PO has been used in most of the previous RCS analyses considering complex targets and multiple bounces. This method requires the geometrical model of the target to be meshed with great precision to obtain accurate results, achieving meshes with thousands or even hundreds of thousands of elements. Both the CPU time and the memory required to calculate RCS depend largely on the size of the mesh, and these computational expenses suffer large increases when multiple effects are considered. Nowadays, these computational expenses are the main bottleneck found when PO is used to analyze the RCS of a complex target, although some methods have been developed in previous works to perform the analysis of a very dense mesh taking into account any number of bounces.
GTD is a very efficient and fast method but with the limitation that it cannot be applied when the ray impacts on concave surfaces, smooth surfaces smaller than the first Fresnel zone, or surfaces with electrically small features.
Therefore, considering these limitations, the main goal of the hybrid method is to analyze the maximum number of surfaces by applying GTD because it is significantly more efficient than PO. The application of PO is thus restricted to those surfaces in which GTD cannot properly predict the scattered field. The classification of the surfaces is done by fast decision criteria based on applying GTD to a smooth convex surface, where the size of the surface will be larger than several Fresnel zones around the reflection/diffraction points. If the surface is neither smooth nor convex, PO is applied for computing the scattered fields. These criteria are described in more detail in [9].
The method is efficient and can analyze any kind of target that is defined with convex and/or concave surfaces, regardless of the level of complexity of the target, in reasonable time with accurate results. The computational time of the GTD–PO is quantified and compared to the MoM technique in Section 5.

2.3. Measurement Setup

The configuration established in this work to measure the monostatic RCS of different targets is detailed in this subsection. Figure 1 shows a schematic view of the measurement setup. The target was placed into an anechoic chamber in order to minimize reflections produced by the floor and walls. A commercial radar module Dk-sR-1200e provided by the company IMST was placed at the entrance of the anechoic chamber at 95 cm height. This radar module operates in FMCW at a frequency of 24 GHz and provides the capability for range and velocity measurements in a wide area of applications. The radar consists of one transmitter channel and two receiver channels with I/Q demodulator for each channel. Transmitter and receiver antennas are both formed by patch array antennas with a maximum realized gain of about 10 dB and 65°/24° of beamwidth in azimuth and elevation planes, respectively. The polarization for both transmitter and receiver antennas is vertical; therefore, all RCS measured results are presented in this work for VV polarization. In order to properly compare measurements and simulated results, they were also obtained considering VV polarization. The operational principle of the FMCW radar module is based on emitting a wave whose frequency changes periodically with time. Most FMCW radars continuously emit a wave with the frequency changing periodically in linear frequency ramps of a particular duration covering a particular bandwidth. Thus, the transmitted signal scattered by the target is received with a certain delay in the instant frequency.

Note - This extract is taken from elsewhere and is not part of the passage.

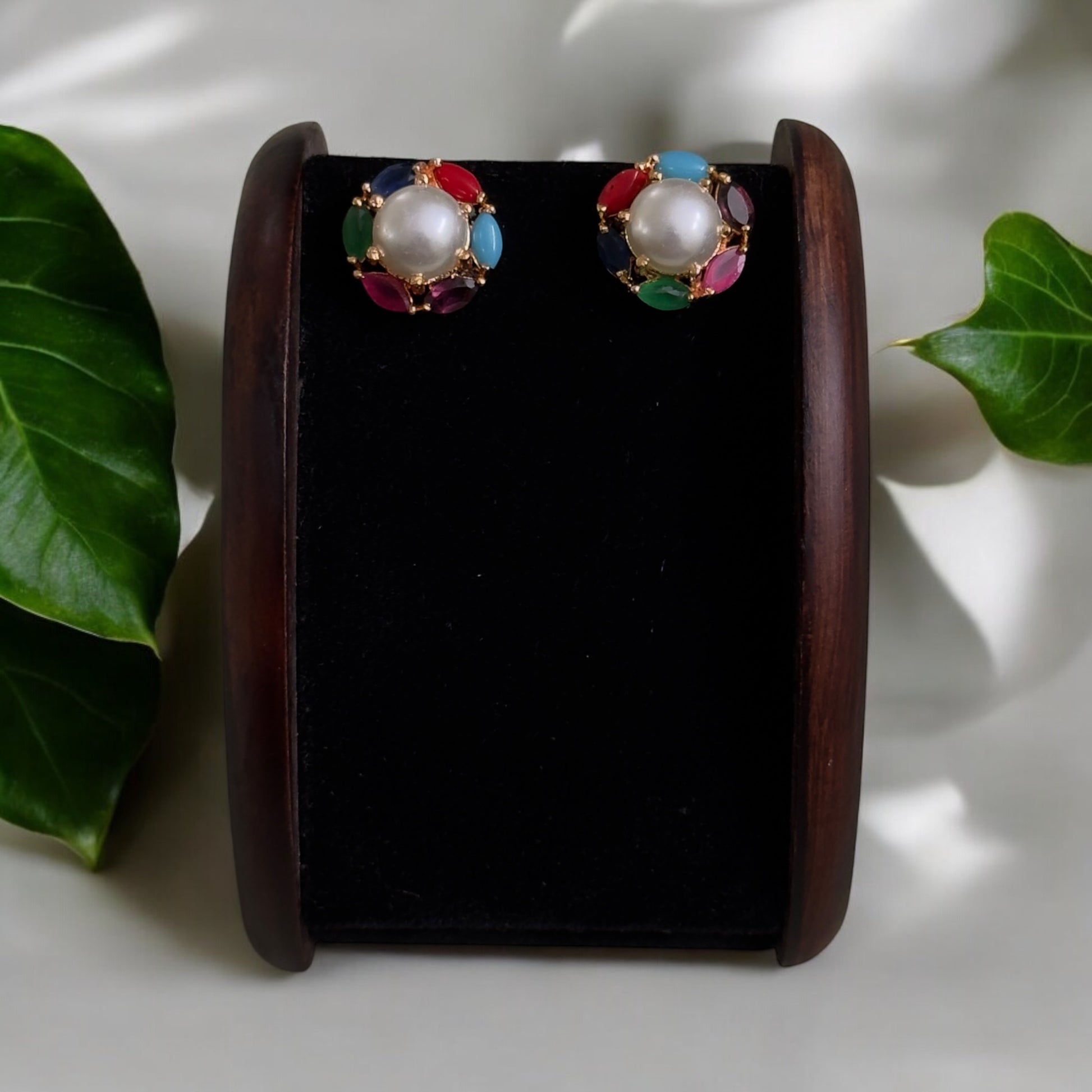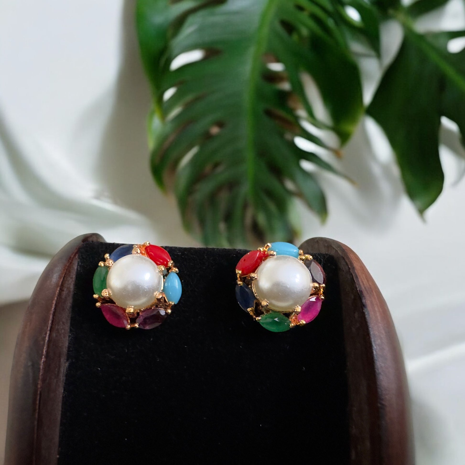 Discover the timeless beauty and versatility of our Multi-stones Stud with Pearl. The round shape and unique combination of stones make it a classic accessory for any occasion. Elevate your style with the elegance and sophistication of this stunning piece.

Consequently, the time difference between transmitted and received signals presents a frequency difference between these signals that permits measurement of the distance between the radar module and the target object. The FMCW operating principle is explained in [20].
The fundamentals of the measurement process are described below. A line of sight between the radar module and target was established. Then, the radar module was fixed and pointed to the target center, while the object was gradually rotated by a rotating platform. Therefore, the signal being scattered and received was saved and postprocessed when the target rotated one turn. In particular, the user interface of the commercial radar module Dk-sR-1200e provides the received power density Pr as a function of the measurement distance. The distance between the radar and the rotation axis of the target was 5.50 m, so the measurements were performed following near-field conditions as mentioned in the Introduction section. Then, once the received power density Pr was obtained and controlling the incident power density Pi provided by the radar, the measured RCS was extracted by applying Equation (2). However, the distance between the radar module and the metallic wall where the incident wave was scattered (distance near 5.50 m, depending on the rotation angle) needed to be taken into account in order to obtain an adequate Pr parameter at the corresponding distance and thus make proper calculation of the RCS parameter.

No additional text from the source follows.